WHAT YOU SHOULD DO :: Drop the pictures, then extract the listing word for word.

═══

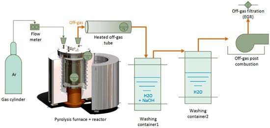 Thermal treatment trials were carried out in a resistance-heated furnace. A cylindrical steel bomb of 19 L volume with a water-cooled lid is placed inside of it. The water cooling is necessary to protect the rubber sealings of the lid from the heat and, therefore, ensure gas tightness during the process. Two thermocouples and a lance for gas injection are inserted through the lid. One of the thermocouples is placed in the center of the cylinder and inside the material. The material itself is placed inside a dense sintered alumina crucible. To prevent material losses through the exhaust gas pipe, the crucible is placed inside a second 2.5 L steel chamber with a labyrinth system for the exhaust gas. The exhaust gas is fed via a pipe heated to 350 °C (avoidance of condensation) to a two-stage scrubber. The first one is filled with NaOH solution to remove halogens like fluorine. Simultaneously, high-boiling organics are condensed. The second scrubber is filled with water and serves for post-cleaning. After scrubbing, the gas is fed to a thermal post-combustion to crack organic compounds. The setup is schematically shown in Figure 2.
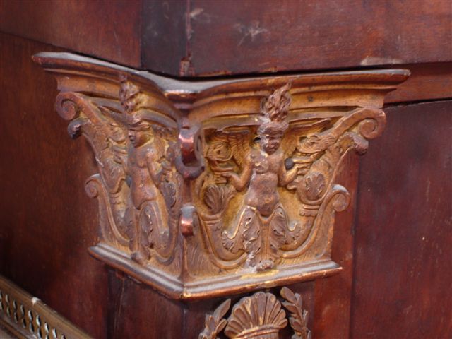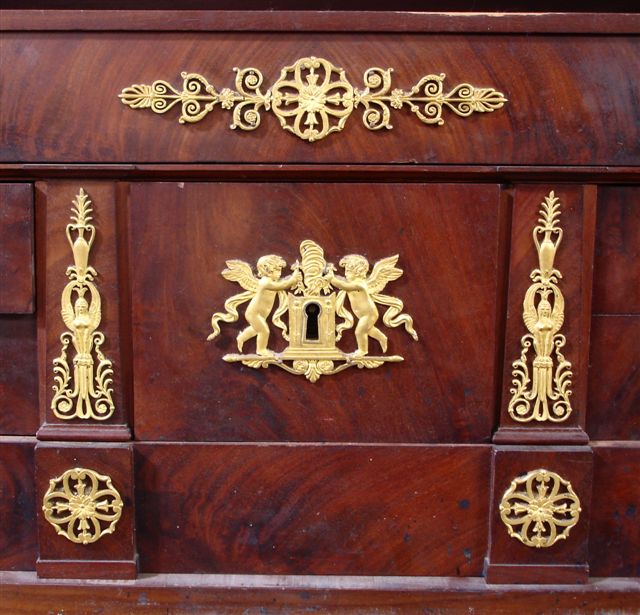 Riche ornementation de bronzes ciselés et dorés : cygnes se désaltérant dans une fontaine janiforme, chapiteaux à personnages mythologiques ailés offrant des coupes à des serpents, amours devant un autel, palmettes, sphinges affrontés. (Accidents au placage).
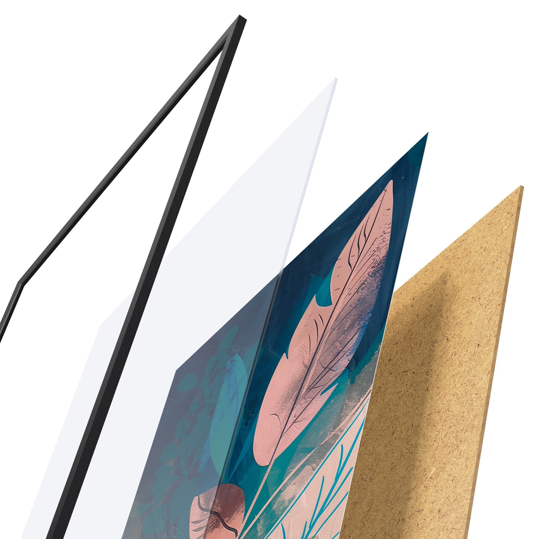 Постер складається з рами, оргскла, надрукованого зображення та підкладки з ДСП. Завдяки кріпленням на звороті плакат можна одразу ж повісити на стіну.
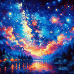 This artwork is a colorful and vivid reimagination of Van Gogh’s famous Starry Night Over the Rhone. It depicts a night sky filled with swirling stars and celestial bodies that illuminate the scene below. The water reflects the radiant energy of the sky above it. The brushwork is dynamic and impasto-like adding texture and movement to the composition.
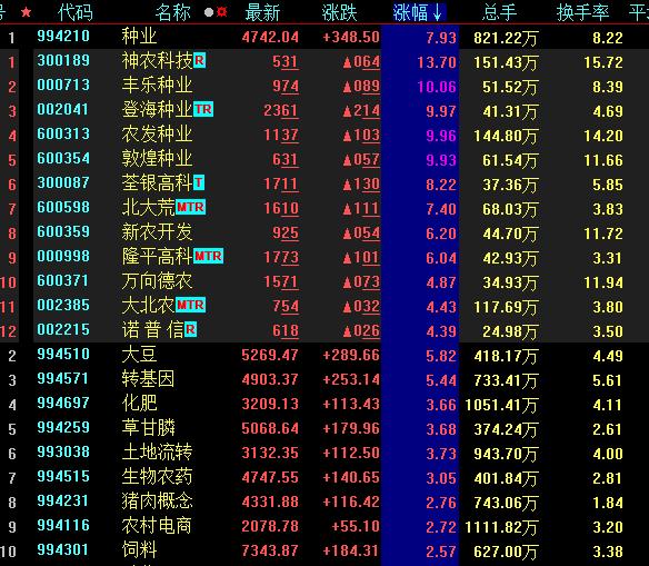 具體來看,5月16日上午,農(nóng)業(yè)股異軍突起,表現(xiàn)出色。其中,種業(yè)板塊漲幅居首達(dá)7.93%,豐樂種業(yè)、農(nóng)發(fā)種業(yè)和敦煌種業(yè)等3只種業(yè)概念股集體漲停。與此同時,農(nóng)業(yè)股中的大豆、豬肉概念等板塊漲幅居前,分別為5.82%、2.76%。
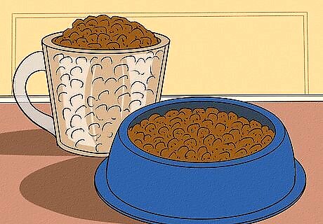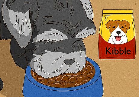 Feed your puppy the proper amount. Miniature schnauzer puppies need to consume approximately 400 calories each day. Check the packaging to see how much this would be of the kibble you are using and measure the appropriate amount. Additionally, keep a steady supply of fresh drinking water available for your puppy. Feed your puppy two or three times a day at the same time. Let your puppy eat for about 10–15 minutes at a time and then discard the uneaten portion. You don’t want to leave it out or your puppy can overeat. Your veterinarian will be able to check your puppy’s growth at visits and let you know whether you are over- or underfeeding him.

═══

WRITTEN SOLUTION ::
 Thermal treatment trials were carried out in a resistance-heated furnace. A cylindrical steel bomb of 19 L volume with a water-cooled lid is placed inside of it. The water cooling is necessary to protect the rubber sealings of the lid from the heat and, therefore, ensure gas tightness during the process. Two thermocouples and a lance for gas injection are inserted through the lid. One of the thermocouples is placed in the center of the cylinder and inside the material. The material itself is placed inside a dense sintered alumina crucible. To prevent material losses through the exhaust gas pipe, the crucible is placed inside a second 2.5 L steel chamber with a labyrinth system for the exhaust gas. The exhaust gas is fed via a pipe heated to 350 °C (avoidance of condensation) to a two-stage scrubber. The first one is filled with NaOH solution to remove halogens like fluorine. Simultaneously, high-boiling organics are condensed. The second scrubber is filled with water and serves for post-cleaning. After scrubbing, the gas is fed to a thermal post-combustion to crack organic compounds. The setup is schematically shown in Figure 2.
 Riche ornementation de bronzes ciselés et dorés : cygnes se désaltérant dans une fontaine janiforme, chapiteaux à personnages mythologiques ailés offrant des coupes à des serpents, amours devant un autel, palmettes, sphinges affrontés. (Accidents au placage).
 Постер складається з рами, оргскла, надрукованого зображення та підкладки з ДСП. Завдяки кріпленням на звороті плакат можна одразу ж повісити на стіну.
 This artwork is a colorful and vivid reimagination of Van Gogh’s famous Starry Night Over the Rhone. It depicts a night sky filled with swirling stars and celestial bodies that illuminate the scene below. The water reflects the radiant energy of the sky above it. The brushwork is dynamic and impasto-like adding texture and movement to the composition.
 具體來看,5月16日上午,農(nóng)業(yè)股異軍突起,表現(xiàn)出色。其中,種業(yè)板塊漲幅居首達(dá)7.93%,豐樂種業(yè)、農(nóng)發(fā)種業(yè)和敦煌種業(yè)等3只種業(yè)概念股集體漲停。與此同時,農(nóng)業(yè)股中的大豆、豬肉概念等板塊漲幅居前,分別為5.82%、2.76%。
 Feed your puppy the proper amount. Miniature schnauzer puppies need to consume approximately 400 calories each day. Check the packaging to see how much this would be of the kibble you are using and measure the appropriate amount. Additionally, keep a steady supply of fresh drinking water available for your puppy. Feed your puppy two or three times a day at the same time. Let your puppy eat for about 10–15 minutes at a time and then discard the uneaten portion. You don’t want to leave it out or your puppy can overeat. Your veterinarian will be able to check your puppy’s growth at visits and let you know whether you are over- or underfeeding him.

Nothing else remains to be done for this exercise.